Para que entendam melhor a história, vou resumir o que é a teoria do vale da estranheza. Ela tenta explicar a aversão que sentimos por coisas que imitam humanos de forma imperfeita, como robôs com feições quase humanas. A vertente que Smith estudava, porém, sugeria que essa aversão vinha de um traço evolutivo: em algum momento da nossa evolução, um predador usava mimetismo para nos atrair e caçar.

Nas anotações mais recentes de Smith, ele alegava ter encontrado algo que comprovava sua teoria. Se as informações fossem corretas, ele havia viajado para uma pequena cidade próxima a um parque ambiental cercado por montanhas imponentes.

A investigação na casa do Doutor Smith revelou pouco além de depósitos bancários substanciais feitos pela empresa que me contratou. Era evidente que havia um grande interesse em sua pesquisa. Segui as pistas até a cidade, onde fui bem recebido e consegui informações sobre Smith com uma balconista de lanchonete. Ela mencionou que ele se encontrara com dois caçadores locais, William e Marcos, e que pagara uma boa quantia para ser levado até uma caverna de difícil acesso.
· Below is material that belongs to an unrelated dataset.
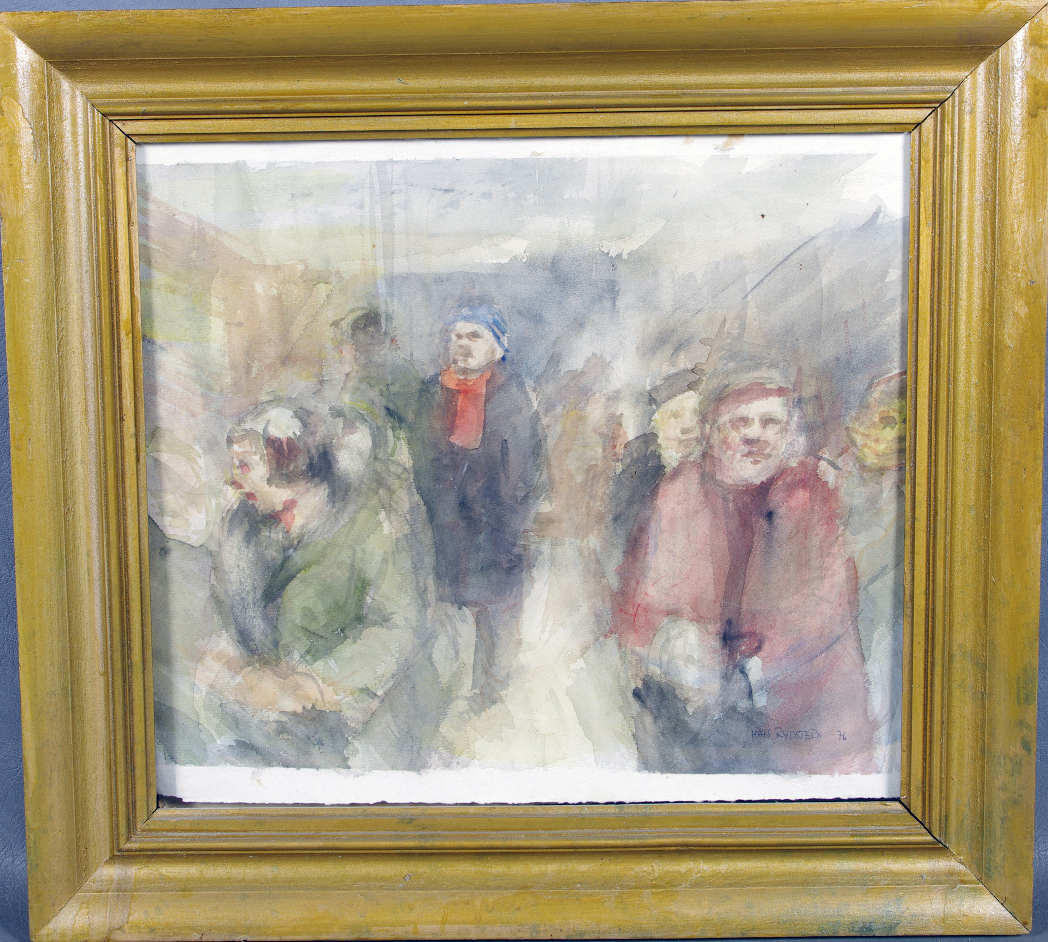 54938. MATS RYDSTERN. Väntande människor, akvarell.

Encontrei Marcos, que alegava que seu irmão William estava desaparecido. Ele contou que William e outros caçadores aceitaram guiar o pesquisador até a caverna após encontrarem desenhos antigos intrigantes. Quando perguntei por que ele não havia procurado o irmão, sua resposta ficou gravada na minha memória:

“Sabe, amigo, vocês da cidade não fazem ideia do que acontece aqui. Todos os anos, pessoas desaparecem sem deixar vestígios. Há lugares na floresta que não são feitos para humanos. Locais esquecidos pelo tempo, que escondem coisas que não devemos procurar.”

Mesmo assim, uma boa oferta financeira o convenceu a me guiar até o local. Partimos na manhã seguinte, acompanhados pelo guarda florestal Luiz, que estava de férias e decidiu nos auxiliar. A caminhada duraria dois dias. No primeiro, tudo correu bem, e acampamos ao lado de um lago. Durante a conversa ao redor da fogueira, Luiz compartilhou uma história contada por seu avô:

“Se algum dia forem a esse vale, não falem uma palavra e não confiem nos seus olhos. Se o silêncio tomar conta do ambiente, corram o mais rápido possível.”

No segundo dia, uma tempestade dificultou a jornada, estendendo-a por mais um dia. Quando finalmente chegamos ao vale, percebi um silêncio inquietante. A fauna parecia ter desaparecido. Próximo às cavernas, encontramos um acampamento bem estruturado, com barracas metálicas e equipamentos da empresa que me contratou. Eles sabiam exatamente onde procurar, mas não me informaram.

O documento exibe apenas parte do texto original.